Bitcoin recorded the biggest drop in its history. It stems from misleading information and massive sales by recent BTC buyers.
Difficult to dispute. Week 21 was historic for Bitcoin, but for negative reasons. Since the end of 2020, the value of BTC had accustomed investors to rave reviews. This time, the record is of a different nature.
The market has not experienced such a disengagement since the March 2020 liquidation and the onset of the Covid-19 pandemic. Result: Bitcoin lost just over $ 28,000 in value, falling back to $ 31,327.
Investors caught in panic
The fundamentals of Bitcoin remain there nonetheless. For Glassnode, this fall is above all the consequence of FUD (fear, uncertainty and doubt). False or catastrophic information would explain the panic among investors.
“Price action was heavily influenced by what can only be described as’ FUD-bath ‘, with topics drawn from all chapters of the Bitcoin Critics’ Handbook,” comments Glassnode.
The consequences are heavy. The dollar value of realized losses on BTC peaked at $ 4.53 billion on May 19. ” This figure is more than 300% higher than the previous peaks of March 2020 and February / April 2021 and marks the peak of a total realized weekly loss of $ 14.2 billion. ”
However, these losses do not affect all Bitcoin holders. The first affected are thus the recent purchasers of BTC (during the last 6 months). Token holders for 1 to 3 years have suffered less losses.
The number of BTC whales is increasing
The “expenditure on parts from 1 to 3 years was significantly less and decreased as a proportion of total activity. This suggests that the former owners did not panic sell or rush for the release. “
In fact, Decrypt notes, the number of big whales – wallets containing 10,000 or more bitcoins – was increasing over the period.

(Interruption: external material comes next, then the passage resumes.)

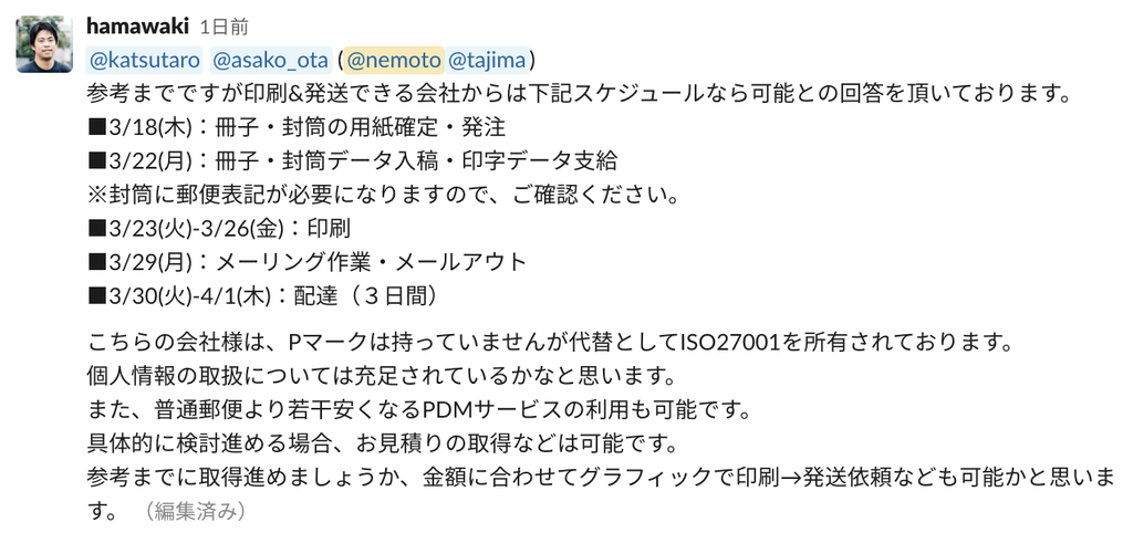 ■3/29(月):メーリング作業・メールアウト

This number increased from 85 to 90. Bottom line: The fall in the price of BTC was the opportunity to accumulate more tokens.
However, the value of Bitcoin must rise to avoid further losses, which are still unrealized. Glassnode estimates that about 9.0% to 9.5% of total market capitalization ($ 700 billion) is unrealized loss. This equates to $ 65 billion.
“Although this is a historic sell-out event, relative to the size of the market, the value of the underlying positions on the chain is actually relatively small. We can compare this to relative unrealized losses of 44% in March 2020 and over 114% in November 2018, ”Glassnode nevertheless points out.